Da
orecchia (vd.). Le due opzioni, in
-a e in
-o, si alternano nell'it. antico – così come nel poema – senza alcuna differenza semantica. Rispetto alla forma femm., tuttavia, quella masch. risulta predominante in doc. di area tosc. (cfr.
Corpus OVI) e conta att. più tarde: la più antica si registra nei
Trattati morali di Albertano da Brescia volgarizzati da Andrea da Grosseto, databili al 1268 («E quali nemici tu ài lasciato intrare per le finestre del tuo corpo, cioè per la bocca e per gli occhi e per li orecchi» ivi, L. 2, cap. 38, p. 130); nello stesso testo è tuttavia rilevabile anche il tipo femm.
le orecchie (sempre al plur.). La genesi dell'alternativa masch. è prob. da ricondurre all'assegnazione di un valore collettivo a
orecchia, da cui la diffusione del tipo
le orecchia (per analogia su
le dita,
le ginocchia ecc.) e la conseguente formazione di un sing. in
-o (cfr. Rohlfs, II, § 384). Una successiva tendenza normalizzante e il modello di altre coppie del lessico anat. (come
occhio / occhi) avranno determinato la formazione del corrispettivo masch. plur. in
-i:
gli orecchi. Quest'ultima è senz'altro la soluzione predominante nei testi danteschi. Infatti, se la forma femm. (impiegata anche al sing.) conta occ. limitate e per lo più vincolate a esigenze metriche (vd.
orecchia), l'alternativa masch. (sempre al plur.) risulta l'unica accolta in prosa e quella preferita in poesia. Nella
Commedia, in partic.,
orecchi ricorre anche in rima, due volte (con
becchi e
lecchi a
Inf. 17.71, con
becchi e
specchi a
Inf. 32.52). A eccezione dei casi condizionati dal metro, la forma femm. e quella masch. si alternano anche nella trad. manoscritta del poema; tende tuttavia a prediligere
orecchi il cod. Triv (cfr. Petrocchi
ad l.). A
Inf. 8.65 Inglese (ed. critica) legge
orecchi («Ma neli orecchi mi percosse un duolo» Id.,
ad l.). Per la lez.
orecchie/orecchi a
Inf. 25.126 vd. quando detto s.v.
scempio. Sul piano semantico, Dante ricorre al termine per lo più con valore propr.; in taluni casi – per es. con rif. alle orrende metamorfosi subite dai ladri nell'ottavo cerchio o alle condizioni dei traditori nel Cocito – il sost. può indicare soltanto la struttura esterna dell'organo, cioè il padiglione auricolare.

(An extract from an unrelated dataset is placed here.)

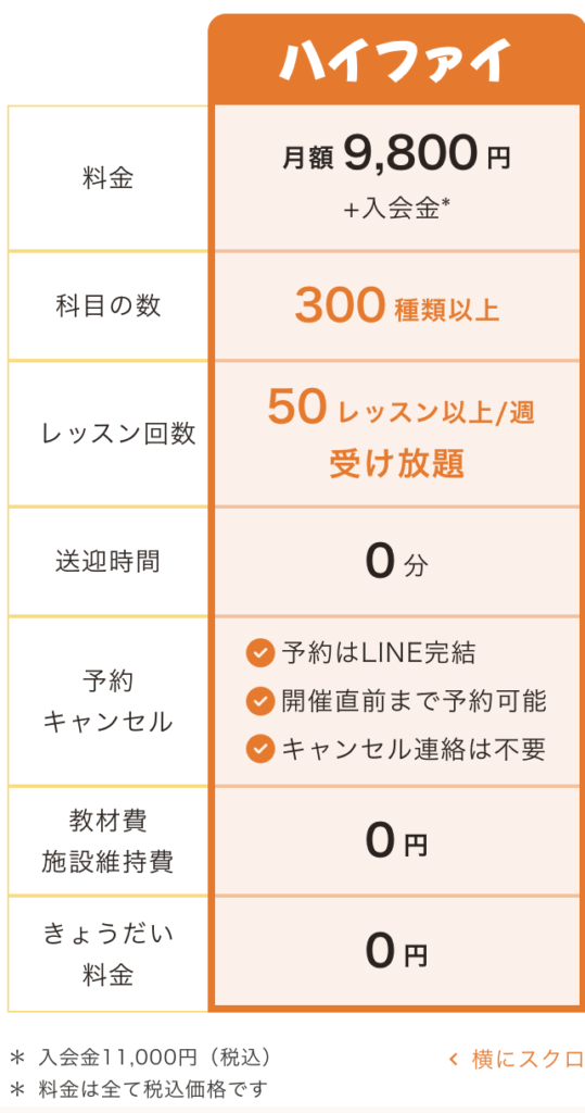 料金月額 9,800円(税込)+入会金11,000円月額 18,000円(税込)+入会金11,000円(例:月謝6,000円×3つ通う場合)

Locuz. e fras. L'espressione
aprire gli orecchi (o
le orecchie) è ben doc. nell'it. antico; prima di Dante si rileva nelle
Arringhe di Matteo dei Libri, databili alla seconda metà del sec. XIII («et convene ke voi aperiti le vostre orecle del capo e quelle del core, sì ke voi possati et intendere et consiglare e prendere quello ke sia lo meglo per voi» ivi, 22, p. 68; cfr.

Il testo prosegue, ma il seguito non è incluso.